No one could claim you were Bush League, for making the Major League decision to go open source.

One comment on “Bush League: More Beer, Please!

  1. Anonymous says:

    It seems like athena’s new clinical offering is taking a page from their “utility” concept with their PMIS offering. Given the current and emerging clinical guidelines that EHRs will have to contain, having a truly “open source” EHR may not be practical on a broad scale. For a company like Medsphere, where you can get into a place like the VA and give them some religion – that is great. But athena is trying to target the ambulatory market, where 8O% of care in the US is delivered. 55% of docs are in groups of 1-3 – all small businesses. It’s athena’s unique value prop that has all of the industry buzzing – they could just be the ones to get those practices to adopt clinical systems on a broad scale. This is at least the buzz you hear on the street and read about in the mainstream media where athena is now covered consistently.

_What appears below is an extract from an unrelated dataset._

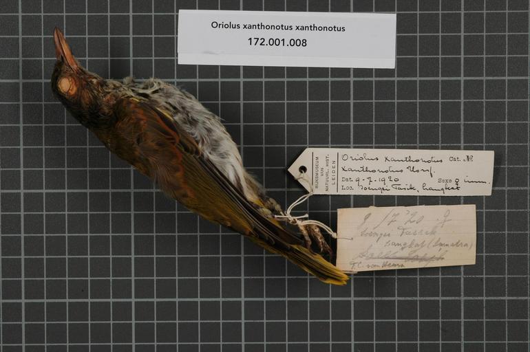 Keywords: Naturalis Biodiversity Center - RMNH.AVES.141227 1 - Oriolus xanthonotus xanthonotus Horsfield, 1821 - Oriolidae - bird skin specimen.jpeg artwork Dimensions artwork Document type Oriolidae Oriolus Individual count 1 Infraspecific epithet xanthonotus Infraspecific rank Institution Naturalis Kind of unit artwork Kind of unit specimen skin Life stage immature Indonesia Sumatra Langkat Soengei Tassik Medium artwork Nomenclatural code Locality remark On RMNH label Soengei Tasik Occurrence ID page Other fields Other versions artwork Permission license Naturalis donation CC-0 Publication location Scientific name Oriolus xanthonotus xanthonotus Horsfield 1821 Scientific name authorship Horsfield 1821 female Source url http //bioportal naturalis nl Specific epithet xanthonotus State or province Sumatra Langkat Subject keywords artwork Subject keywords publication Title artwork Title publication Type status Uploaded with GWToolset Naturalis_Biodiversity_Center_-_RMNH AVES 141227_1_-_Oriolus_xanthonotus_xanthonotus_Horsfield _1821_-_Oriolidae_-_bird_skin_specimen http //medialib naturalis nl/file/id/RMNH AVES 141227_1/format/large Media donated by Naturalis Biodiversity Center Songbird specimens at Naturalis Biodiversity Center Oriolus xanthonotus Oriolus |

    As you touched on, and granted I am an investor not an IT wiz, athena’s EMR looks to provide all of the traditional features physicians expect from a traditional EMR software system but where athena takes it a step further than the Allscripts (MDRX) or Nextgens (QSII) is they convert the massive amounts of analog information found in a medical practice – faxes, phone calls, patient encounters, etc. – into continuously updated clinical profiles and workflows – a service offering!! This eliminates the paper and closes the loop on key clinical processes. They then provide continually updated payer-specific coding rules and E&M coding reviews, and help docs optimize reimbursement for practice-specific pay-for-performance (P4P) payer contracts. Plus, every incoming fax to a medical practice is converted into an electronic document via athenahealth.

    Maybe open source could have a role in their offering but I think they may just have the offering that gets as close to open source EMR but still allows the average doc to run their practice and not worry about code etc…just my two cents.